Key benefits I actually care about in production:
- Selective JavaScript rendering using the playwright meta key, instead of rewriting spiders.
- Browser selection via PLAYWRIGHT_BROWSER_TYPE (chromium/firefox/webkit), which matters when sites behave differently across engines.
- Page interactions before parsing using playwright_page_methods and PageMethod(…) (click, wait, evaluate, screenshot, etc.).
- Multi-session isolation using browser contexts (PLAYWRIGHT_CONTEXTS + playwright_context meta) when I need separate cookies/storage.
- Safety knobs like PLAYWRIGHT_ABORT_REQUEST to block wasteful resources (images/media) to speed up dynamic web scraping.
How Scrapy Playwright works
Below is the “real-world” flow I follow when wiring Scrapy Playwright into a spider.
Install the integration and browser binaries.

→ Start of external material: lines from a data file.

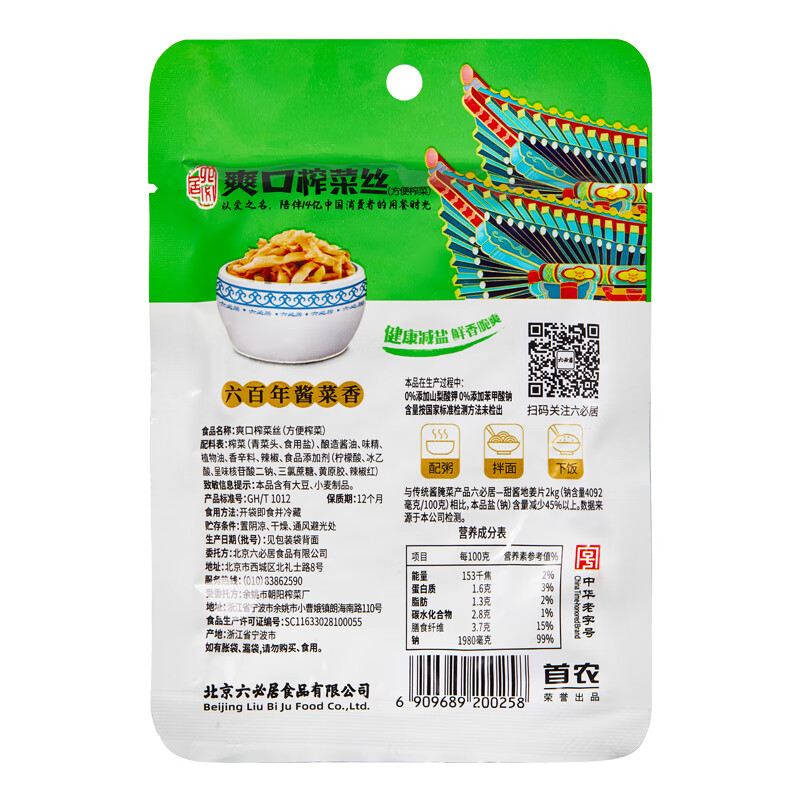 六必居爽口榨菜丝 70g*5袋 |
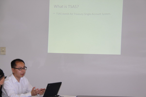 蔡志伟老师结合SNAI的情况,为柬埔寨官员详细介绍了国库集中收付的主要内容及SNAI在运用这一系统的情况,尤其在资金管理、政府采购等方面的应用情况。柬埔寨官员对相关财政资金管理问题简要介绍了柬埔寨的情况,并就有关问题进行了交流。
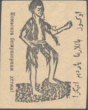 1926(?) г. Разм. 34 х 70 мм. Одноцветная печать на белой бумаге. В центре беспризорник. Слева вертикально сверху вниз текст: «Помогите беспризорным детям!». Справа вертикально текст на местном языке арабским шрифтом.
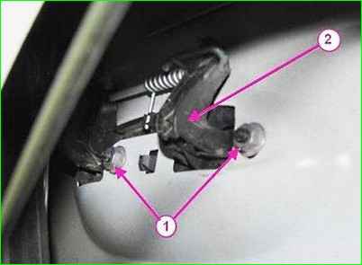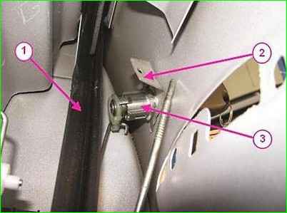 Entfernen Sie die Federhalterung 2 (Abbildung 7), sichern Sie den Schalter 3 des Vordertürschlosses, entfernen Sie den Schalter und trennen Sie die Verriegelungsstangen davon.
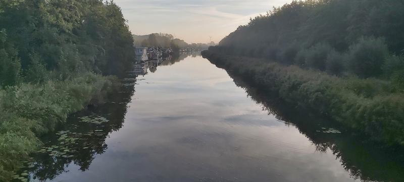 Although it's chilly, it's a lovely autumn day for biking; there's a faint mist hanging over the landscape. I took a picture of the houses along the canal. It would have made for a more beautiful picture if I had brought my DSLR camera, but I didn't have it with me today. That sounds like a plan. On a misty morning, I could go to work extra early, bring the DSLR camera with me, and make beautiful misty images. There is much beauty in nature in the morning that I would like to explore better in the future.
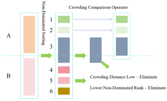 where and represent the function values of adjacent individuals for the objective , respectively, and and are the maximum and minimum values of the objective , respectively. This crowding distance ensures the uniform distribution of solutions in each non-dominated layer.
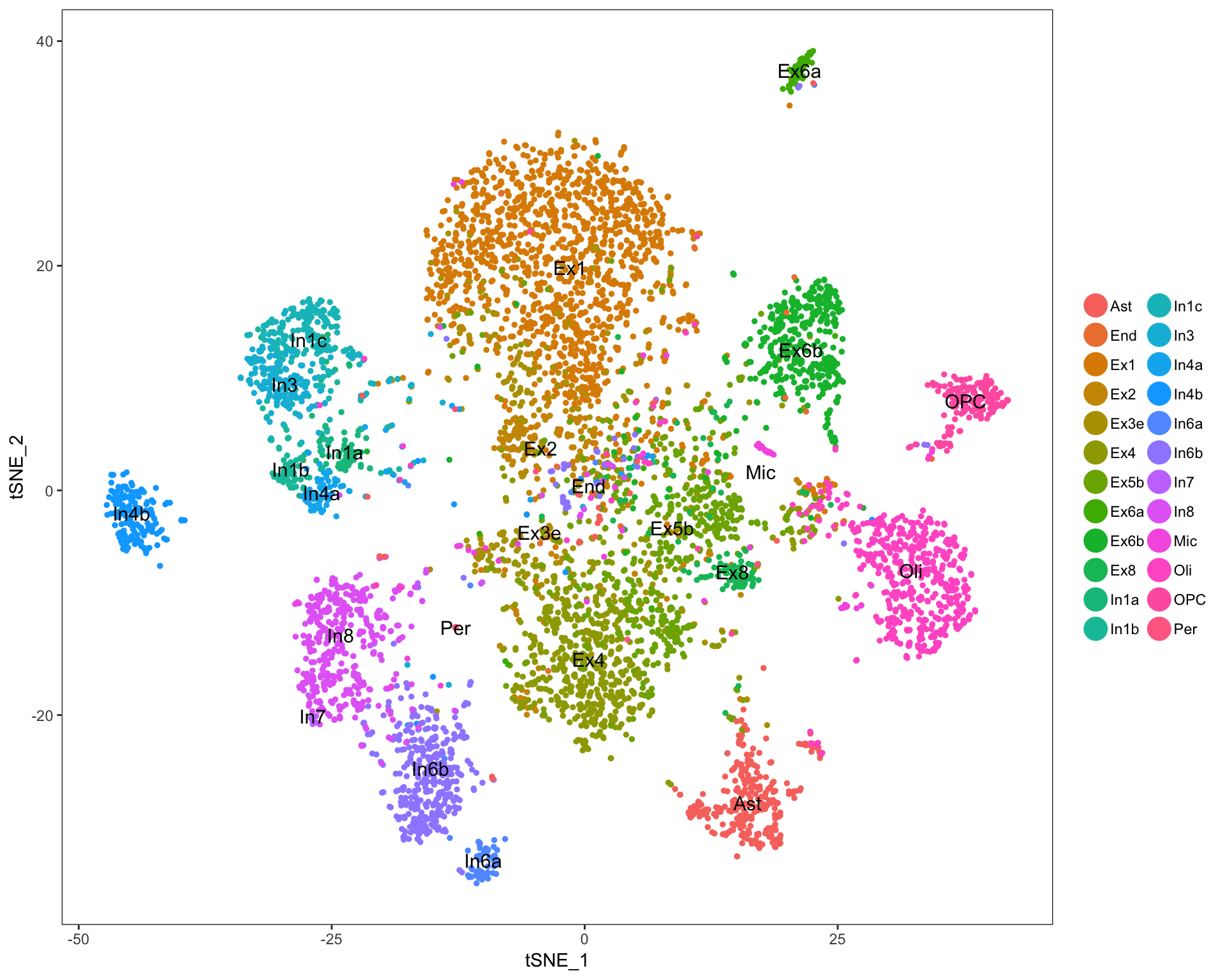 Excitatory (Ex) and inhibitory (In) neuronal subtypes in the cortex; distinct cerebellar granule (Gran) cells and Purkinje (Purk) neurons; and non-neuronal cells, including endothelial (End) cells, smooth muscle cells or pericytes, astrocytes (Ast), oligodendrocytes (Oli) and their precursor cells (OPCs), and microglia (Mic).

- pip install scrapy-playwright (package install)
- playwright install (download browser engines)
Activate Scrapy Playwright as a download handler in Scrapy settings.
- Set DOWNLOAD_HANDLERS[“http”] and DOWNLOAD_HANDLERS[“https”] to scrapy_playwright.handler.ScrapyPlaywrightDownloadHandler.
Ensure the asyncio-based Twisted reactor is enabled.
- Use TWISTED_REACTOR = “twisted.internet.asyncioreactor.AsyncioSelectorReactor” (this is default in new Scrapy projects since 2.7).
Mark only the requests that truly need browser rendering.
- Use scrapy.Request(url, meta={“playwright”: True}) so Scrapy Playwright only runs where needed.
If the page is dynamic, add deterministic waits/actions before parsing.
- Add playwright_page_methods with PageMethod(“wait_for_selector”, “…”) or PageMethod(“evaluate”, “…”) to scroll/click/trigger loading.
Decide if you need the live Page object in callbacks.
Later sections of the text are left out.